CIT vs. Cactus Imaging India Pvt. Ltd.;
406 ITR 406 (Mad); Date of order: 16th April, 2018
A. Ys. 2003-04 and 2004-05
For A. Ys.
2003-04 and 2004-05, the assessee had claimed depreciation at the rate of 60%
on its computers. The computers included printers. The Assessing Officer held
that the printers were not normal printers, but high value printers used for
printing banners and advertisement materials of large sizes and could not be
treated as a peripheral to a computer and the printer purchased by the assessee
could not perform any other function as performed by a normal computer.

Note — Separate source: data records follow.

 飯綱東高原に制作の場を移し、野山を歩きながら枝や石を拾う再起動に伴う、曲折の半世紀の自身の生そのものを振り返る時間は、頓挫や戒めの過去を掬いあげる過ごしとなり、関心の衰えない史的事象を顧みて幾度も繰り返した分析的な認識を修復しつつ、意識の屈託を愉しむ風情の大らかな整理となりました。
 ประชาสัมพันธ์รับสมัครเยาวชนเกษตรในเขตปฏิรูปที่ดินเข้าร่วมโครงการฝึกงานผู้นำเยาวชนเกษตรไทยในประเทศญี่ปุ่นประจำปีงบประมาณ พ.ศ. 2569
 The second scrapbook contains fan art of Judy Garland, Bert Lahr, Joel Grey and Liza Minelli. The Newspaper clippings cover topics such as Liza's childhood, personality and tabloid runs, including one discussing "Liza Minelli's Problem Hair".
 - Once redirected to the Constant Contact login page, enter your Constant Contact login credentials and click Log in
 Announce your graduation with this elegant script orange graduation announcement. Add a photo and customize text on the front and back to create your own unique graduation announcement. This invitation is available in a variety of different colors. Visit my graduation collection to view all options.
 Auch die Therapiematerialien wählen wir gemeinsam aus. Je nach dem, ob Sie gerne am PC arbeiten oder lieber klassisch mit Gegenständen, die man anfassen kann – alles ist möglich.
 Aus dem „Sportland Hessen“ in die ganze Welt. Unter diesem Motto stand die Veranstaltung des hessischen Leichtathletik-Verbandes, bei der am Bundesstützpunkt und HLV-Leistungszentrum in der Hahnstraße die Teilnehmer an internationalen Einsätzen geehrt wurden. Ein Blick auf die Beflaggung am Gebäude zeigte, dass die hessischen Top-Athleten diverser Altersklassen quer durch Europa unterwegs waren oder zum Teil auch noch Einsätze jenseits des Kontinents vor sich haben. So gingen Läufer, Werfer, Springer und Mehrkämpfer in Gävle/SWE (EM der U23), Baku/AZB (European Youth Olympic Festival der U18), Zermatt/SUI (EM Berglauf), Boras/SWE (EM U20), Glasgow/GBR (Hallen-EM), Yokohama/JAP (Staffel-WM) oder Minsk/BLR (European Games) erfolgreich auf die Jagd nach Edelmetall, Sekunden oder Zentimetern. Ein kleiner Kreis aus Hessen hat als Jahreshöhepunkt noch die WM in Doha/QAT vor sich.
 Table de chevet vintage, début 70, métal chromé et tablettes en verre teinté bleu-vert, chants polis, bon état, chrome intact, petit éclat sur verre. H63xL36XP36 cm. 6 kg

Accordingly, the claim for depreciation at 60% was denied.
Before the
Commissioner (Appeals), a video demonstration was conducted and upon going
through the technical manual of the printers, he found that the printer could
not be used without the computer and concluded that it was a part of the
computer system. Accordingly, the appeals filed by the assessee were allowed.
These orders were affirmed by the Tribunal.
On appeal
by the Revenue, the Madras High Court upheld the decision of the Tribunal and
held as under:
“i) Item III(5) of the old Appendix I to the
Income-tax Rules, 1962 stated “computers including computer software” and the
notes under the Appendix defined “computer software” in clause 7 to mean any
computer programme recorded in disc, tape, perforated media or other
information storage device. In the notes contained in the Appendix, the term
“computer” has not been defined.
ii) A printer cannot be used without a computer
and should be treated as part of the computer and an accessory to the computer.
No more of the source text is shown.